Il y a quelques jours, j’ai accompagné Damien pour une de ses sorties.
Damien, c’est un de nos deux glaciologues (il y a un Français et un Italien). Bon… à l’origine, il n’est pas glaciologue : il est ingénieur en systèmes cryogéniques. C’est le seul d’entre nous à travailler ici dans un « environnement » plus chaud que son « environnement » professionnel habituel !
(En réalité, aucun des hivernants scientifiques ne travaille vraiment dans son champ de compétence d’origine. Pourquoi ? Parce que toutes les expérimentations sont installées en été. Le travail des hivernants, c’est d’entretenir les installations, de récupérer les données et de les transmettre. Il faut donc avoir une bonne culture scientifique mais pas nécessairement être spécialiste du domaine concerné.)
Deux fois par semaine, Damien doit se rendre à la « Clean area » pour faire des prélèvements. Il s’agit d’une grande zone dont l’accès est par ailleurs interdit afin de préserver la pureté de la neige.
Mais, avant de sortir, il faut bien se couvrir car il fait -64°C et, comme il y a un peu de vent, la température ressentie est à -81°C.
Damien essaie un masque que lui a prêté Vincent. Il est sensé limiter les problèmes de buée dans le masque.
Il fait surtout de jolis panaches de respiration.
Il est 14h20, le soleil est déjà en train de se coucher derrière « Astro shelter ».
Et, après 15 minutes de marche, nous arrivons à « Atmos shelter ».
Malgré l’anti-buée consciencieusement appliqué avant de partir, je suis presque aveugle en arrivant.
Petite pause au chaud, le temps que Damien fasse quelques manip’ et prépare les tubes et sachets nécessaires aux trois différents types de prélèvements qu’il doit faire aujourd’hui.

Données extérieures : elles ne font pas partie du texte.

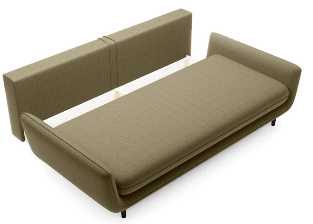 Sofa Solano to mebel wielozadaniowy. Zapewni Ci komfortowy wypoczynek w ciągu dnia oraz wygodne miejsce do spania. Jej prosty, minimalistyczny design sprawia, że mebel doskonale odnajdzie się zarówno nowoczesnym salonie, jak i w pokoju gościnnym. Duże, wygodne poduchy zapewnią Ci komfort podczas oglądania telewizji, korzystania z laptopa czy też chwili dla siebie z dobrą książką i pyszną kawą. Dodatkowym atutem tego modelu są wysokie nóżki, które zapewnią dość wolnej przestrzeni pod meblem, aby mógł tam swobodnie zmieścić się robot sprzątający. Dzięki takiemu rozwiązaniu zyskasz więcej czasu dla siebie. Sofa pasuje do wnętrz w stylu nowoczesnym, skandynawskim oraz minimalistycznym.

Les premiers prélèvements concernent les nitrates et les sulfates de l’atmosphère, qui se déposent avec la neige. Tant qu’on ne fait pas pipi dans la neige (!), il n’y a pas vraiment de risques de contamination et ils peuvent donc être prélevés directement à côté de l’abri. Leurs résultats seront corrélés aux mesures d’ozone atmosphérique effectuées par une des machines du shelter.
Il faut récupérer la couche de neige la plus superficielle. Pour ceci, Damien commence par racler la surface avec une spatule de magasin de bricolage et récupère la petite crête ainsi formée à l’aide d’une pelle à bonbons ! (Comme souvent ici, on a un mélange de technologie de pointe ultra-précise et d’éléments de bricolage… mais qui fonctionnent !)

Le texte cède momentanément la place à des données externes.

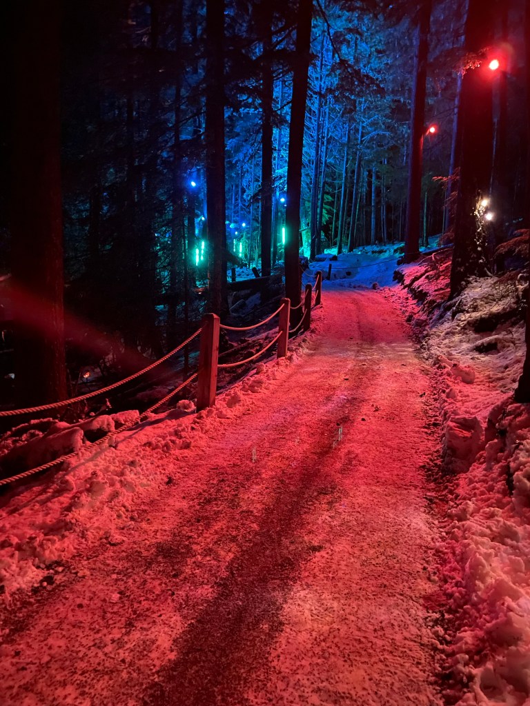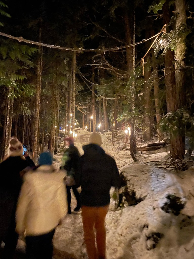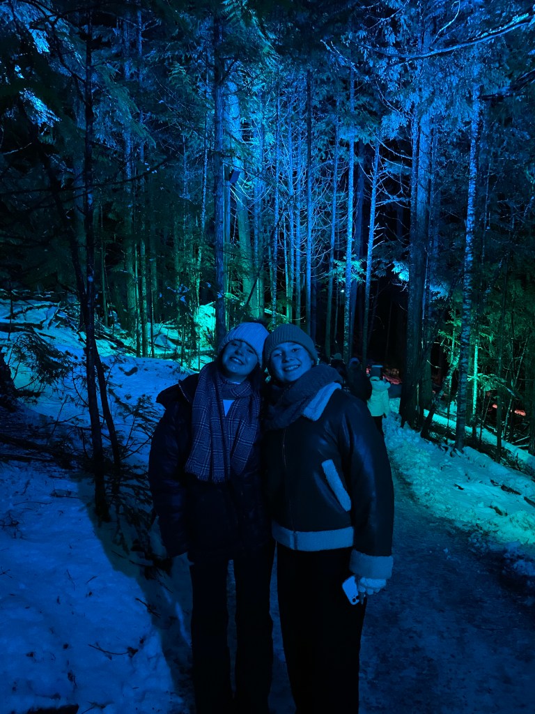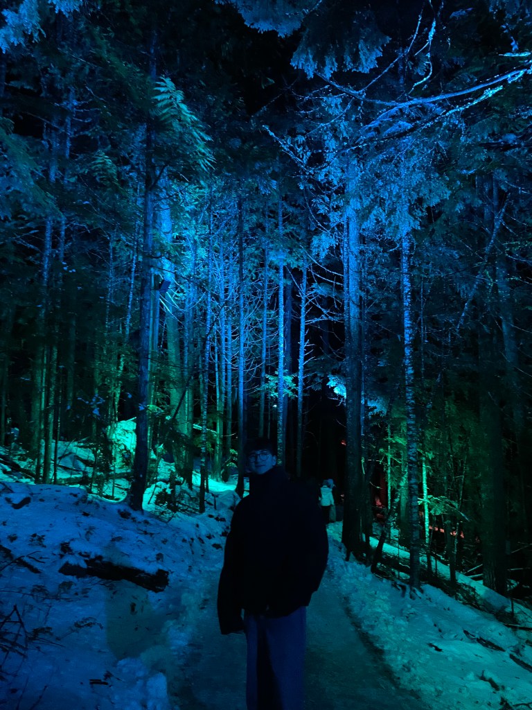 Für mich ging es von Samstag bis Sonntag Abend auf einen Trip, organisiert von der Schule. Der Trip startete um 8 Uhr morgens an der Schule, nach rund einer Stunde Fahrt stand Shannon Falls zuerst auf dem Programm wo wir einen schönen Wasserfall über unseren Köpfen zu sehen bekamen. Anschließend ging es weiter zu Mount Whistler, wo wir sofort mit Schnee begrüßt wurden. Zuerst haben wir die kleine Örtliche Stadt besichtigt, wo es viele schöne Reataurants und weitere Attraktionen gab, es hat mich sehr stark an die Skisaison erinnert, mit den vielen Skifahrern die ihr Equipment an uns vorbei trugen. In unserer Freizeit begaben wir uns auf eine kurze Wanderung zum „Lost Lake“ welcher wunderschön umgeben von einer Baumfront zu sehen war. Nach einigen Stunden Pause im beheizten Pool ging es los zu unserem letzten Stop des Tages, „Vallea Lumina“, was eine ungefähr 30 minütige Tour durch den künstlich beleuchteten Wald und mit dem Schnee ein echtes Schauspiel war.

Il est temps de se rendre dans la Clean Area. Nous empruntons un chemin balisé par des piquets, dont il ne faut pas dévier.
A chaque série de prélèvement, Damien pose un repère et la prochaine série sera faite 10 pas plus loin. Cette année, c’est à gauche du chemin, l’année dernière c’était à droite.
Une fois arrivée au repère du jour, Damien part à angle droit pour faire 5 paires de prélevements tous les 10 pas. Ces prélèvements sont destinés, d’une part à l’étude des isotopes de l’eau, et d’autre part à mesurer la densité de la neige.
Pour cette dernière mesure, il faut creuser un petit trou puis faire deux prélèvements (en surface et à 7 centimètres de profondeur) à l’aide d’une petite sonde dont le volume est très précisément calibré (quand la neige est trop compacte, il faut la massette pour l’enfoncer !).
A 10 pas d’écart, la densité peut changer considérablement et, pour la première fois depuis son arrivée, un des prélèvements n’a pas été possible tellement la surface était dure.
Au bout d’une demi-heure, les prélèvements sont terminés, le soleil est passé sous l’horizon et il fait vraiment froid. Il est temps de revenir vers le shelter.
15h50, retour vers la station avec des couleurs assez incroyables. Il fait -82°C, nous sommes épuisés.
C’est vraiment magnifique 🤩 merci de nous faire partager votre aventure 😘
Ici, on se plaint quand il fait – 2°C et qu’il faut gratter le pare-brise le matin… Mais il est vrai que notre environnement n’est pas comparable au vôtre, fait de lumières sublimes, de pureté de l’air, de couleurs magnifiques. Merci de nous offrir un peu de ce « nulle part » du bout du monde.
Merci de nous faire partager votre aventure , c’est impressionnant et flippant à la fois cette immensité glaciale. Bravo aux héros de la recherche
Mince ! -82° C.
Ces températures extrêmes dépassent l’entendement.
Grand coup de chapeau à cette équipe de choc.